New submitter LFSim writes "It's not the Turing test just yet, but in one more domain, AI is becoming increasingly competitive with humans. This time around, it's in interplanetary trajectory optimization. From the European Space Agency comes the news that researchers from its Advanced Concepts Team have recently won the Gold 'Humies' award for their use of Evolutionary Algorithms to design a spacecraft's trajectory for exploring the Galilean moons of Jupiter (Io, Europa, Ganymede and Callisto). The problem addressed in the awarded article (PDF) was put forward by NASA/JPL in the latest edition of the Global Trajectory Optimization Competition. The team from ESA was able to automatically evolve a solution that outperforms all the entries submitted to the competition by human experts from across the world. Interestingly, as noted in the presentation to the award's jury (PDF), the team conducted their work on top of open-source tools (PaGMO / PyGMO and PyKEP)."

10 of 52 comments (clear)

  1. In other news... by 14erCleaner · · Score: 3, Insightful

    John Henry won the battle, but lost the war. How is being outcalculated by a computer news? Just because it's a hard problem?

    --
    Have you read my blog lately?
    1. Re:In other news... by Rich0 · · Score: 5, Informative

      John Henry won the battle, but lost the war. How is being outcalculated by a computer news? Just because it's a hard problem?

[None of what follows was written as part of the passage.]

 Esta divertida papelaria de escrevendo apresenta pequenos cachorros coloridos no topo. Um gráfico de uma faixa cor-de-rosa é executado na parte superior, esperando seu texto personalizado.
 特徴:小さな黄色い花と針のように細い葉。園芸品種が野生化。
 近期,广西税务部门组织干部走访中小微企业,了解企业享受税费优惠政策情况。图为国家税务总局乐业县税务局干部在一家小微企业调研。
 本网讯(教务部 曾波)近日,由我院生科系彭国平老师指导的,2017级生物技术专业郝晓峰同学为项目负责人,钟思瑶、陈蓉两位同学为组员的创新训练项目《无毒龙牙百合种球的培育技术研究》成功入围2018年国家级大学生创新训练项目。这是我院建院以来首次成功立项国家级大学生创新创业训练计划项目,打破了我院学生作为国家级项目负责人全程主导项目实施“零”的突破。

      It involves a certain amount of intuition. You'd always use a computer to optimize a trajectory, but picking the overall approach to be used requires some educated guessing. You can visit any other planets along the way, or their moons, and you can visit them at an optimal point along their orbit or somewhere that is non-optimal (from the standpoint of that particular encounter). You can launch today at one cost, or wait 20 years and maybe launch at a cheaper cost.

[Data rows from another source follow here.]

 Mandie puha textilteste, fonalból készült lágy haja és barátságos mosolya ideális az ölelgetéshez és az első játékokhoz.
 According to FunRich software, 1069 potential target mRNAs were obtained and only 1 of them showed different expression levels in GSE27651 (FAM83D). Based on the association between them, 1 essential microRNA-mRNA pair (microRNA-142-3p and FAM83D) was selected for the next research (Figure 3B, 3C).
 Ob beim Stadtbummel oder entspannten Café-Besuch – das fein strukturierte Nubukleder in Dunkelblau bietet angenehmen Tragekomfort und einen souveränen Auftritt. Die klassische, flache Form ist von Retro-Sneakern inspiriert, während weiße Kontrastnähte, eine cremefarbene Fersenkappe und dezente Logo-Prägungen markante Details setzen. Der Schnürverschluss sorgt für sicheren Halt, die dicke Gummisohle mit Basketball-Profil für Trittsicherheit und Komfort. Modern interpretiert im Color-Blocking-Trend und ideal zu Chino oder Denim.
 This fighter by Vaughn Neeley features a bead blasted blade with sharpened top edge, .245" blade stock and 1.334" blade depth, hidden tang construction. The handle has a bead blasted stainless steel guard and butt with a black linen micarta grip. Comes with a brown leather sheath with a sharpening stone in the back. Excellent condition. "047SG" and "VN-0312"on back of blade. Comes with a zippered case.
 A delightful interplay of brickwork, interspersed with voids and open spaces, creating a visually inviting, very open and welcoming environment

      So, the current approach is generally to have physicists come up with a couple of basic plans, then use computers to optimize each one, and then see which works best, or perhaps iterate.

      Looking at it another way, this is similar to any other problem where you're trying to find the lowest minima in a function that has many local ones. Finding the nearest minima is easy - finding the best is much harder.

    2. Re:In other news... by Rich0 · · Score: 2

      Yeah, but there's only so many bodies out there in the solar system. Probably under 200 planets/moons/rocks out there that can be used for this purpose. It probably wouldn't take much to throw a super-computer at the problem and just crunch through all the possibilities.

      Naively I'd be inclined to agree, but there are a lot of combinations. Cassini encountered Venus twice, the Earth once, and Jupiter once on the way to Saturn. Jupiter is a pretty natural target to hit once at the end of the trip since it is so large and far out, and you really don't want to hit it more than once unless you want to have your grandkids crunching your data when the mission is over. However, for the inner planets there are a lot of possibilities. Again, you don't have to hit them at your periapsis even if that is where you get the biggest boost - being able to squeeze in one more non-optimal boost is better than none at all, or you might just be using the encounter to change your orbit to make up for a previous encounter sending you off in the wrong direction.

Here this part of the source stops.